(Records contained in a dataset)
+ + + +
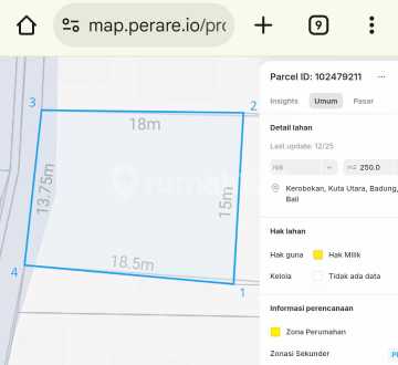 DI JUAL TANAH MURAH LUASAN KECIL *LOKASI BANJAR ANYAR KAJE KEROBOKAN KUTA UTARA BADUNG* *LUAS TANAH 2,5 ARE* - SHM - ZONA KUNING - COCOK UNTUK VILLA / RUMAH TINGGAL - AKSES JALAN 4 M Hrga global 2,3M
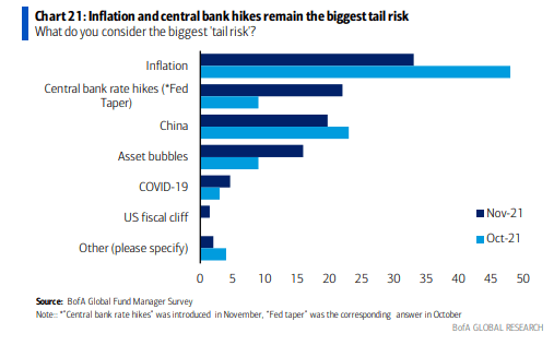 Zachowanie cen akcji spółek korzystających z pandemicznych obostrzeń jest bardzo spójne z tym, jakich ryzyk obawiali się zarządzający największymi funduszami inwestycyjnymi świata w ciągu ostatnich miesięcy. A covid od ponad pół roku nie jest już wymieniany w gronie największych bolączek. W ostatnich ankietach przeprowadzanych przez Bank of America niewielki odsetek ankietowanych wskazywał właśnie na COVID-19 jako największe ryzyko dla rynków, a na ustach wszystkich niezmiennie od kilku miesięcy znajduje się inflacja:
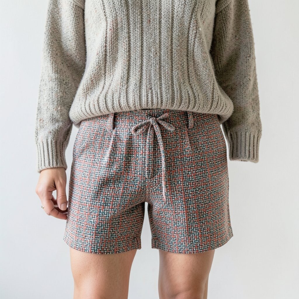 Tweed shorts can look cute and neat when paired with a soft sweater. The mix of crisp weave and fuzzy knit makes the outfit feel balanced.
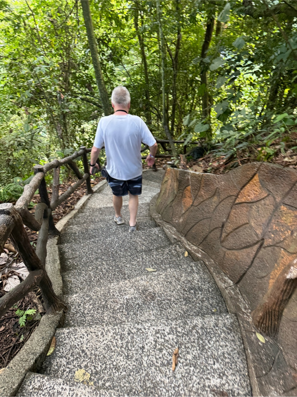 We actually started at the top of the cliff and had to walk down more than 500 steps to get to the base. The steps are concrete and there are handrails, benches, and water stations along the way so its easy going if a little foreshadowing of the needs for rest on the way back up! The climb down was fine, just a lot of steps. There are even cute motivational signs along the way to help you!
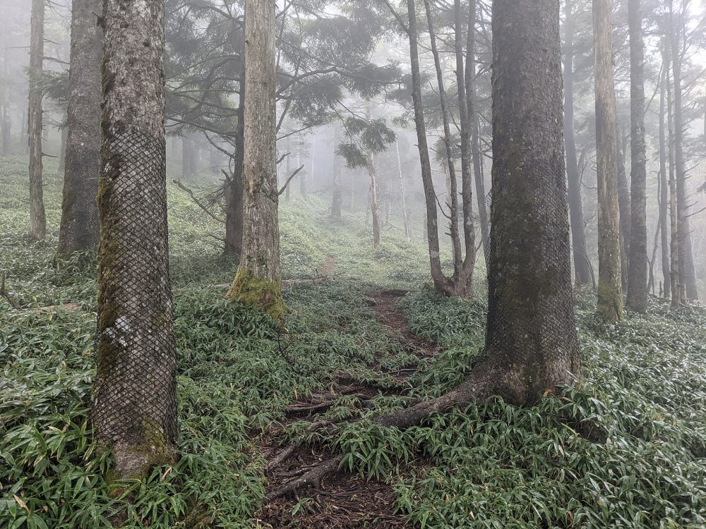 ここからが笹漕ぎ区間。かなり笹が両サイドから出ていて地面が見えないところ多数。
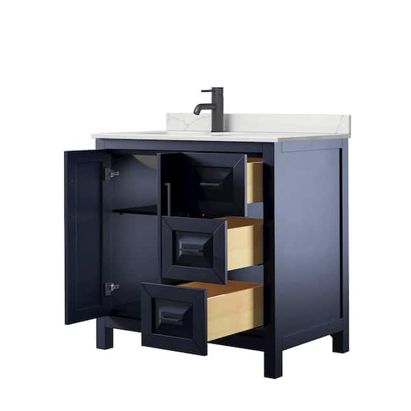 Daria 36 in. W. x 22 in. D x 35.75 in. H Single Bath Vanity in Dark Blue with Giotto Quartz Top
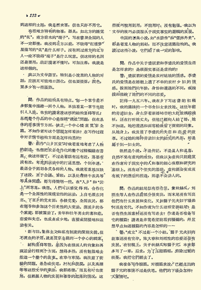 问:作品中采用了群众的语言,生动、朴素,有浓厚的生活气息,表现了各种不同人物的性格。不知作者是怎样采用了群众语言的?有的读者认为不应该用这么多方言土语使外乡人看不懂。不知作者对这个问题有什么意见?对于文学作品中的语言有些什么看法?
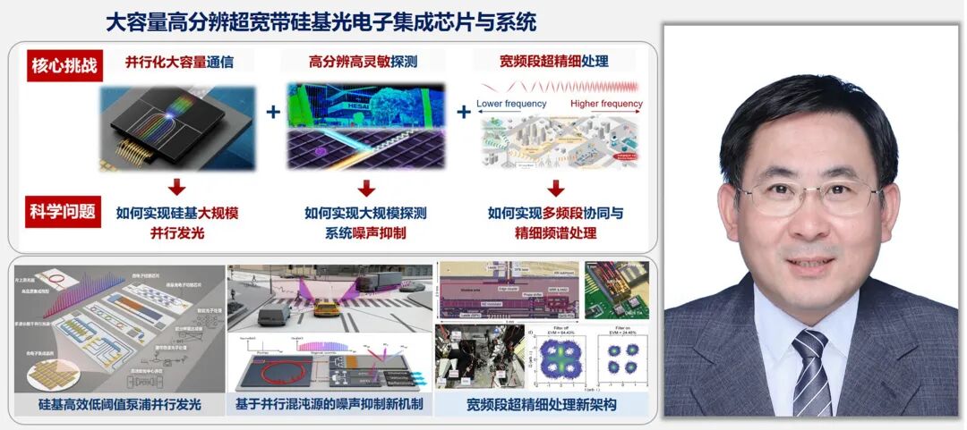 硅基光电子集成芯片凭借低成本、高集成度及CMOS工艺兼容性优势,成为光电子领域的研究热点。然而,大容量通信、高灵敏探测和宽频段精细处理等核心技术的瓶颈制约了其进一步发展。为此,研究团队围绕上述关键科学问题展开攻关,取得系列突破性进展,主要创新成果包括:
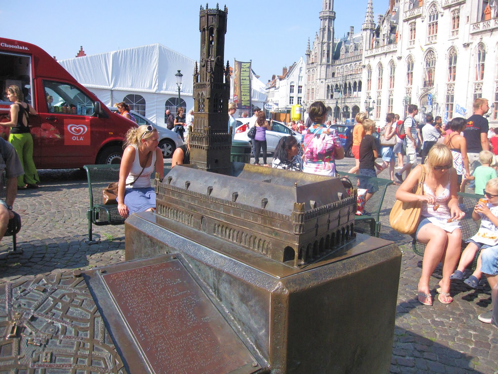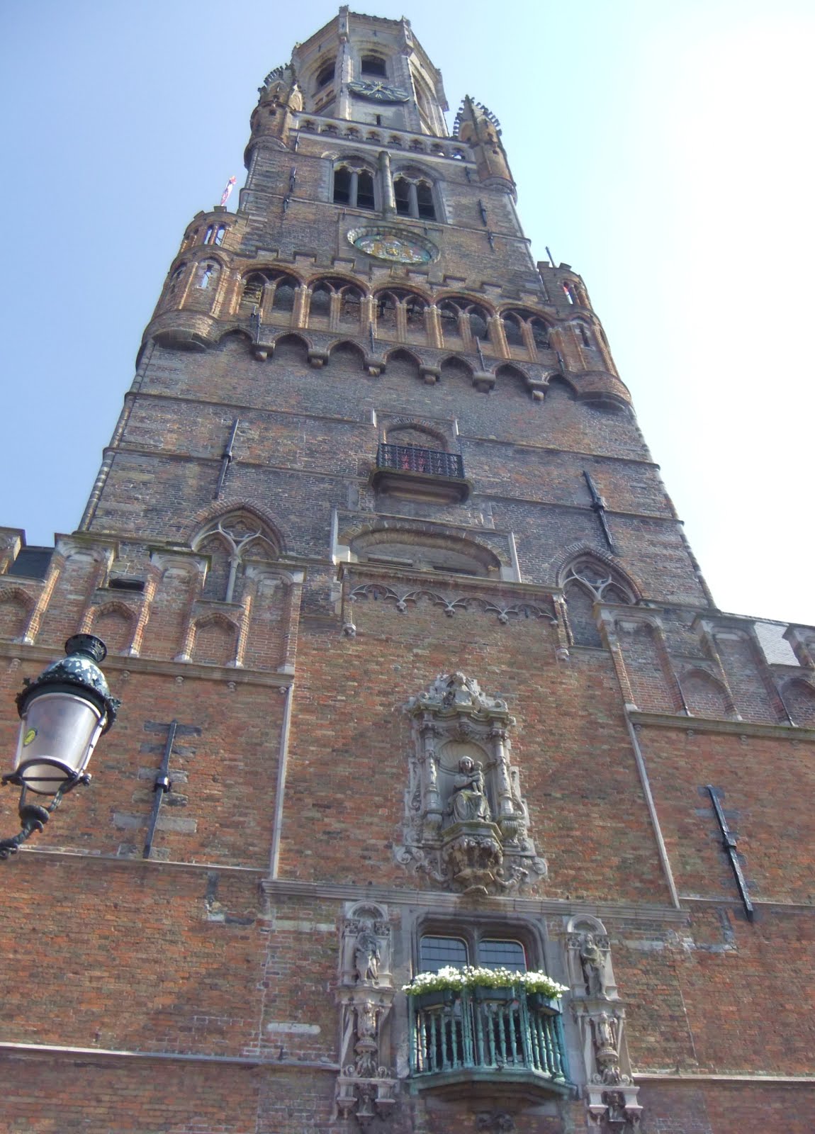 Ca toate orasele flamande, si Bruges are un turn Belfort, construit de breslele cu traditii seculare, ca simbol al libertatii si al puterii locuitorilor orașului medieval comparate cu cea a bisericii. Ridicat initial din lemn, turnul a ars în anul 1280 si cu el, întreaga arhiva. În anul 1296 a fost ridicat din nou si... a ars din nou! Al treilea turn, a fost construit din piatra în anul 1493, în stil gotic si a servit atât ca depozit al arhivei orașului si trezorerie, cât si ca turn de veghe. Ceasul si carilonul din vârful turnului sunt în perfecta functiune din secolul 17 si cele 47 clopote, cântaresc împreuna 27 tone! Turnul are o înaltime de 88 metri si urcând cele 366 de trepte, se poate ajunge la platforma superioara, deschisa pentru turisti.
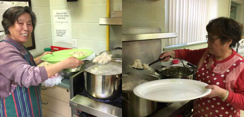饺子宴过,茶话会正式开始,饺子馆的义工姐妹们默默的退出了厨房,静静的坐在后排开始吃饺子看文艺演出,而另外的两位义工们自觉的进入了厨房,替换之前忙着煮饺端盘的姐妹们,开始了清理打扫厨房的工作。
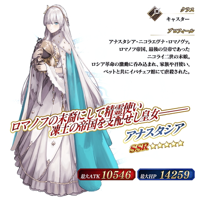 4月4日18:00(予定)~18日12:59の期間“アナスタシアピックアップ召喚”が開催される。第2部 第1章“Lostbelt No.1 永久凍土帝国 アナスタシア 獣国の皇女”で活躍するサーヴァント“★5(SSR)アナスタシア”、“★4(SR)アタランテ〔オルタ〕”、“★3(R)アヴィケブロン”が新登場。上記、3騎のサーヴァントがピックアップされる。
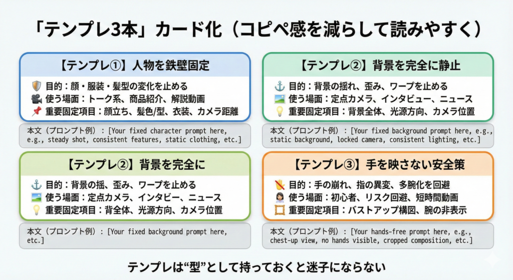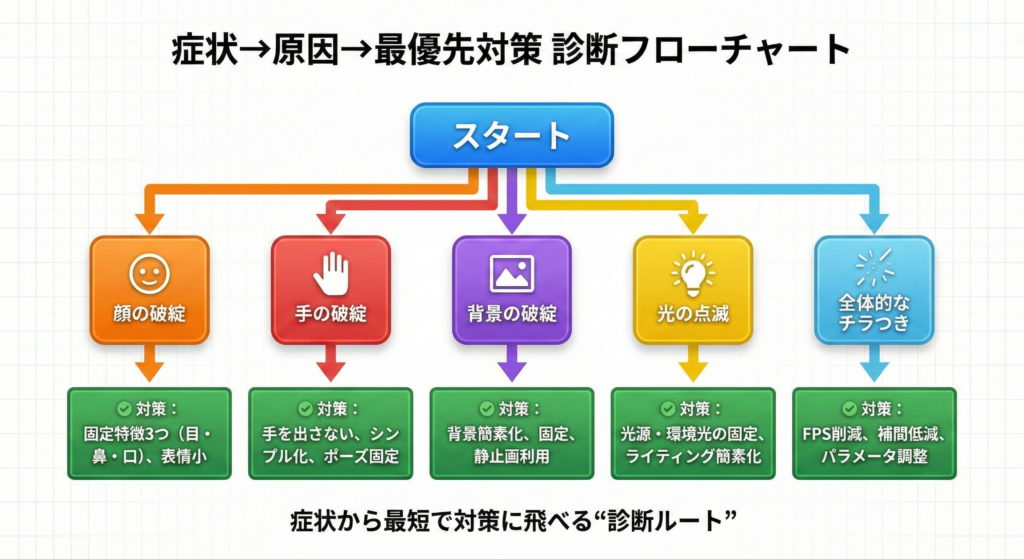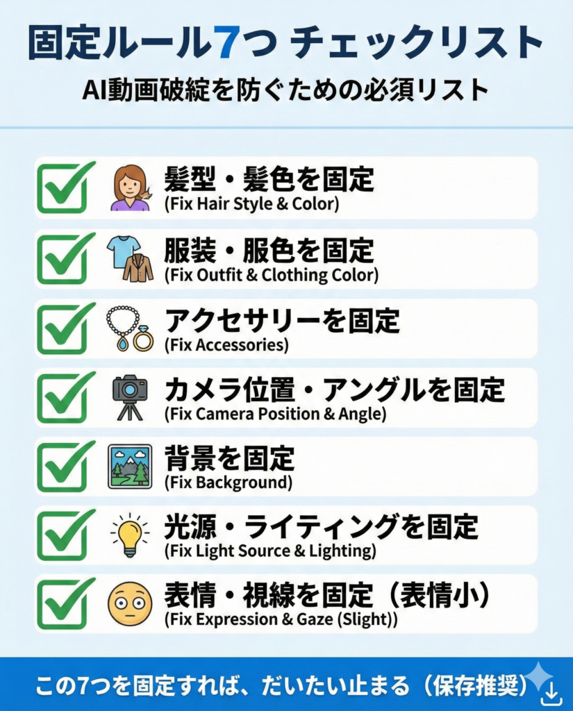| 顔が別人化 | 固定要素不足/顔の露出が多い/表情変化が大きい | 固定特徴を3つ入れる/表情は小さく/カメラ固定 |
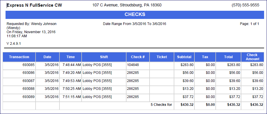 The Checks Report appears including Check #, Price, Tax, Total, Billed, and Ticket number (if applicable).
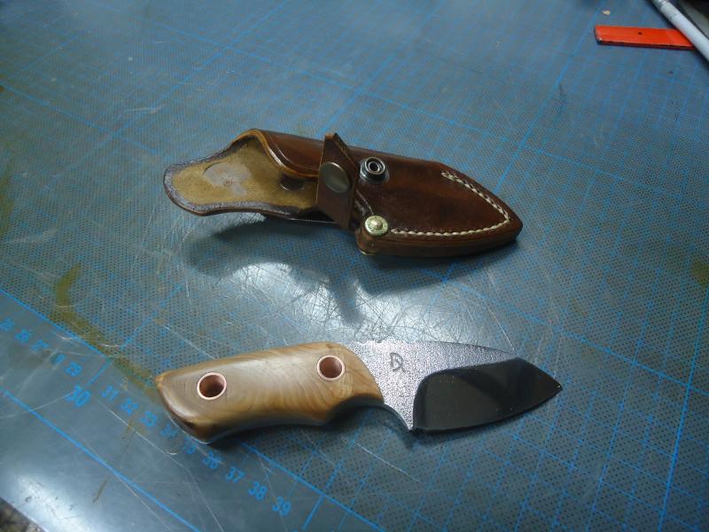Un buen amigo mío hace unos cuchillos de lujo, el plazo de entrega de diez a doce días, el acero es D2, los encabados en asta 100 euros y en madera 85, ambos más envío, son artesanos 100% tanto el cuchillo como la funda.
+ + + +
Work order » Lines from the one above containing "Zachowanie cen akcji" down to the one containing "Tweed shorts can" should be transcribed exactly, with both ends kept and no pictures.

Exercise answer »
 Zachowanie cen akcji spółek korzystających z pandemicznych obostrzeń jest bardzo spójne z tym, jakich ryzyk obawiali się zarządzający największymi funduszami inwestycyjnymi świata w ciągu ostatnich miesięcy. A covid od ponad pół roku nie jest już wymieniany w gronie największych bolączek. W ostatnich ankietach przeprowadzanych przez Bank of America niewielki odsetek ankietowanych wskazywał właśnie na COVID-19 jako największe ryzyko dla rynków, a na ustach wszystkich niezmiennie od kilku miesięcy znajduje się inflacja:
 Tweed shorts can look cute and neat when paired with a soft sweater. The mix of crisp weave and fuzzy knit makes the outfit feel balanced.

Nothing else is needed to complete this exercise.